Là effectivement votre argument est imparable... Si on considère que l'argument d'autorité est imparable, ce qui n'est pas mon cas. Dire comme vous le faites "moi je bosse avec des animaux donc moi je sais mieux que vous et mieux que tous les auteurs de tous les livres que vous pouvez lire" c'est demander que l'on s'en remette à votre autorité en la matière, sans que vous donniez d'ailleurs la moindre justification à cette autorité. Sans que vous nous fassiez part non plus de la teneur des remarquables observations que quotidiennement vous êtes amenés à faire sur les animaux par votre "expérience concrète". Votre si excellente expérience personnelle qui vous permet de dédaigner allègrement les travaux de chercheurs en éthologie et primatologie qui forcément pour vous doivent compter pour du beurre malgré leurs observations.

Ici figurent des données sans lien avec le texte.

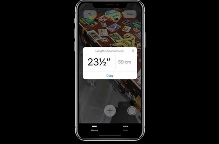 5.Một ứng dụng iOS 12 mới được gọi là Measure cho phép người dùng đo khoảng cách và chiều dài của vật bằng cách sử dụng tính năng thực tế ảo. Chỉ cần hướng camera đến vật mà bạn muốn đo, sau đó chạm và vẽ một đường bằng ngón tay mình để thực hiện thao tác đo. Ứng dụng Measure này sẽ tự động đo kích thước của hình ảnh.

Je n'ai jamais parlé de civilisation delphinienne et philosophique, ni dit que les chimpanzés ou les bonobos nous dépassent en sensibilité et en compréhension. Ce n'est qu'un exemple de la tactique qui consiste à déformer les propos de votre contradicteur afin de les critiquer plus à l'aise. Désolé mais ce n'est pas ce que j'ai dit que vous tentez de brocarder mais la version déformée et tronquée que vous tirez de mes réponses. Bref, un coup dans l'eau : plouf !
Ici encore vous vous égarez et vous asseyez allègrement sur des travaux de recherche parfaitement établis et reconnus par la communauté scientifique qui montrent que l'hominisation est un phénomène complexe, graduel qui s'observe fort bien dans le relais passé des australopithèques à l'homo érectus, à l'homme de néanderthal pour aboutir à l'homme moderne. Je vous renvoie à l'excellent travail de vulgarisation de ces théories qu'ont pu faire des gens comme Yves Coppens ou Pascal Picq.